In the third stage, swarming neutrophils can amplify their recruitment in a feed forward manner through intercellular communication by leukotriene B4 (LTB4). The propagation of neutrophil recruitment leads to multiple, dense neutrophil cell clusters at the site of inflammation. A 2013 study showed that neutrophils lacking the high affinity receptor for LTB4 (LTB4R1) decreased the recruitment of neutrophils at later stages of swarming. In addition, proximal cells to the inflammation site showed chemotaxis similar to the control cells while distant cells were poorly attracted. This finding suggests that the proximal neutrophils that are recruited early on are not affected by the lack of LTB4R1, but distant neutrophils that are required for the propagation of neutrophil swarming are not able to be recruited to the swarming site. These results present LTB4 as a key signaling molecule for a prolonged neutrophil swarm response and recruitment of neutrophils from distant areas of the tissue.

Stages 4-5 
After stages 1-3, neutrophils slow down in the cell clusters and begin to form aggregates. In this fourth stage, the neutrophil aggregates will aid in rearranging the surrounding extracellular tissue area and create a collagen-free zone at the inflammation center eventually resulting in a wound seal which isolates the site from the rest of the tissue. The exact mechanisms of this are unknown but it is believed that neutrophil proteases from the cell clusters play a role in clearing out the surrounding tissue environment. These neutrophil aggregates become stable as opposed to the constant movement in stages 1-3 by development of high chemoattractant concentrations within the clusters that promote local neutrophil interactions within the cluster. Additionally, neutrophils are switched to an adhesive mode of migration within clusters which further stabilize the aggregates and can prevent neutrophils from leaving the cluster. This switch is believed to be caused by additional secretions of LTB4 and other chemoattractants within the neutrophil aggregates. 

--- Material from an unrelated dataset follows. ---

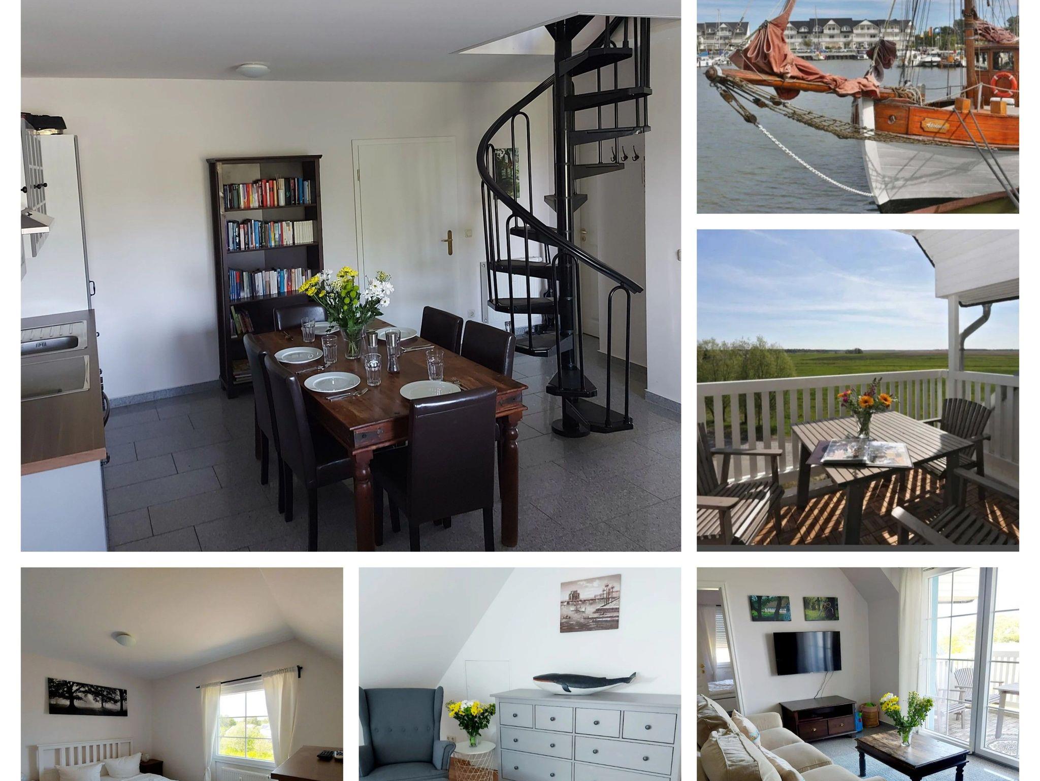 Direkt am Yachthafen gelegene, großzügige und hochwertig ausgestattete Ferienwohnung. Die Maisonettewohnung verfügt über einen Balkon mit Panoramablick, einen offenen Wohn- und Küchenbereich mit großem Esstisch und einer gut ausgestatteten Küche mit Geschirrspüler, Ceranfeld, Backofen, Kühlschrank, Kaffeemaschine, Mikrowelle, Wasserkocher, Saftpresse und Toaster. Ein Elektrogrill steht zur Verfügung zum Grillen auf dem Balkon.

In stage 5, the swarming response terminates and the clusters dissolve with the resolution of inflammation. Little is known about the mechanisms of this stage but the process may be regulated by neutrophils or external factors from the tissue environment. In a laser-induced skin injury model, neutrophil aggregation typically stopped after 40-60 minutes which occurs at the same time as the appearance of secondary myeloid cell swarms. Knock-in mice studies have shown that the myeloid cells move slower than neutrophils and assemble around the neutrophil aggregates during this stage. These myeloid cells may disrupt the propagation signals of neutrophil chemoattractants or to create competing attractants in the tissue space so that the neutrophil aggregation is less strong.